What makes Haida different? What makes him popular among the generation who reject the Ross Gellers of fiction? The fundamental answer couldn’t be simpler. Haida isn’t a Nice Guy because he is a genuinely nice guy. He doesn’t just ‘win’ Retsuko; a relationship would plausibly benefit both. Haida’s not defined by his romantic life, nor does it excuse his imperfections. Strip away his crush and underneath you find a well-rounded, kind person, willing to improve. Truly, a portrait of the modern renaissance man. Renaissance hyena. Whatever.
This, however, leads me to a worrying conclusion. All three shows are comedies. Comedy is a complex beast, but a basic rule is that it arises from contrast. Contrasts like nice versus mean. Friends and HIMYM show ‘nice’ characters do mean, outlandish things because it’s funny. It’s funny to see a paleontologist scream in anger. It’s funny to see a hopeless romantic scare off dates. Examining these events more critically leaves a bad taste in the mouth, but structurally, they make sense. The goal is absurdity.

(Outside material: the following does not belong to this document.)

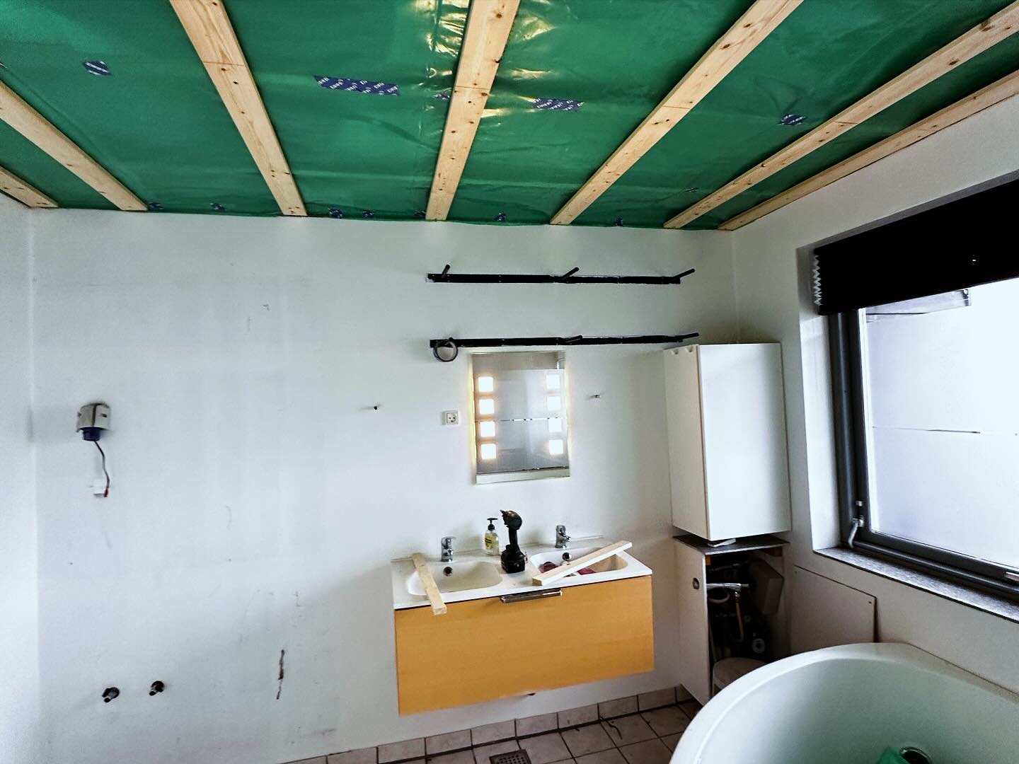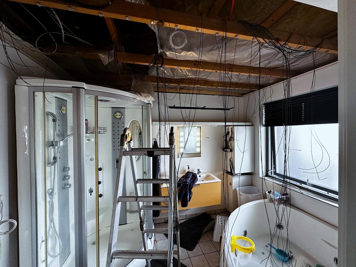 Det første badeværelse - girafpingvin er træt efter endnu en lang dag som tømrerlærling i eget hus. 😂😅

But Aggretsuko is a show about pain. The pains of adulthood, the pains of work, and the pains of love. Haida can be a perfectly lovely, sympathetic character, and the comedy will still land. No matter how nice he is, things still go amusingly wrong, because he’s punished by the world itself. (Also, Fenneko. She’s such a troll.) Might the ‘Retsaida’ ship hit the water only to explosively sink to the depths?
Perhaps not. Part of Aggretsuko‘s success is its ultimate sense of optimism. If the show continues, a flawless romance between Retsuko and Haida would be completely contrary to its tone. But the same would apply to a relationship where nothing goes right. Aggretsuko teaches nuance and perseverance. To keep moving forward, even when it hurts. And Haida, like Retsuko herself, already demonstrates this quality. Whatever challenges face their relationship, they can rise to meet them.
A hyena really can change his spots.